IMAGE_SIZE = (100, 100)
MEAN_VALUE = 128

filename = sys.argv[1]
setname, ext = filename.split('.')

with open(filename, 'r') as f:
    lines = f.readlines()

numpy.random.shuffle(lines)

sample_size = len(lines)
imgs = numpy.zeros((sample_size, 1,) + IMAGE_SIZE, dtype=numpy.float32)
scores = numpy.zeros(sample_size, dtype=numpy.float32)

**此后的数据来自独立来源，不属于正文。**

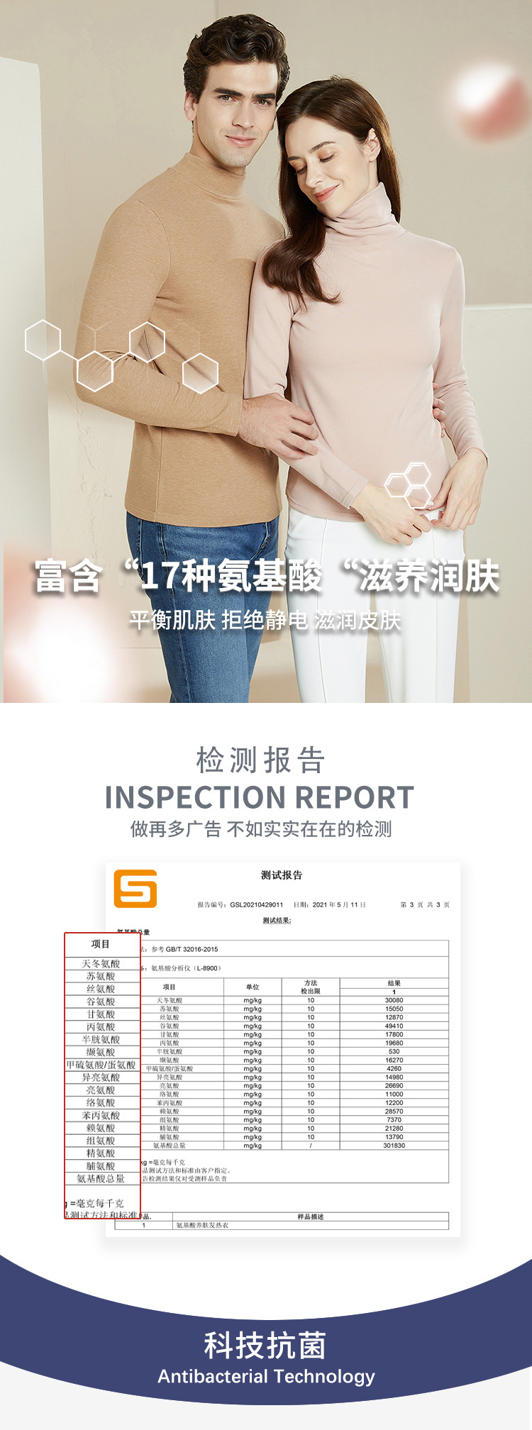 打底衫还能💦💦保养皮肤?🤔是的没错!!!这款真的不是普通的打底衫,而是经过专业鉴定检测,是一款真的含有✅氨基酸成份的打底衣!双面磨毛再生纤维素纤维,富含17种氨基酸!!让衣服整体面料具有✔滋养✔保湿✔润肤的功效!你穿上它就犹如在身上敷了一张巨型面膜~时刻帮你滋养皮肤!😎绝对是名副其实的“美容衣!”👀秋冬皮肤干、起皮的姐妹,买回去试试你一定会回来谢我😎

h5_filename = '{}.h5'.format(setname)
with h5py.File(h5_filename, 'w') as h:
    for i, line in enumerate(lines):
        image_name, score = line[:-1].split()
        img = pyplot.imread(image_name)[:, :, 0].astype(numpy.float32)
        img = img.reshape((1, )+img.shape)
        img -= MEAN_VALUE
        imgs[i] = img
        scores[i] = float(score)
        if (i+1) % 1000 == 0:
            print('processed {} images!'.format(i+1))
    h.create_dataset('data', data=imgs)
    h.create_dataset('score', data=scores)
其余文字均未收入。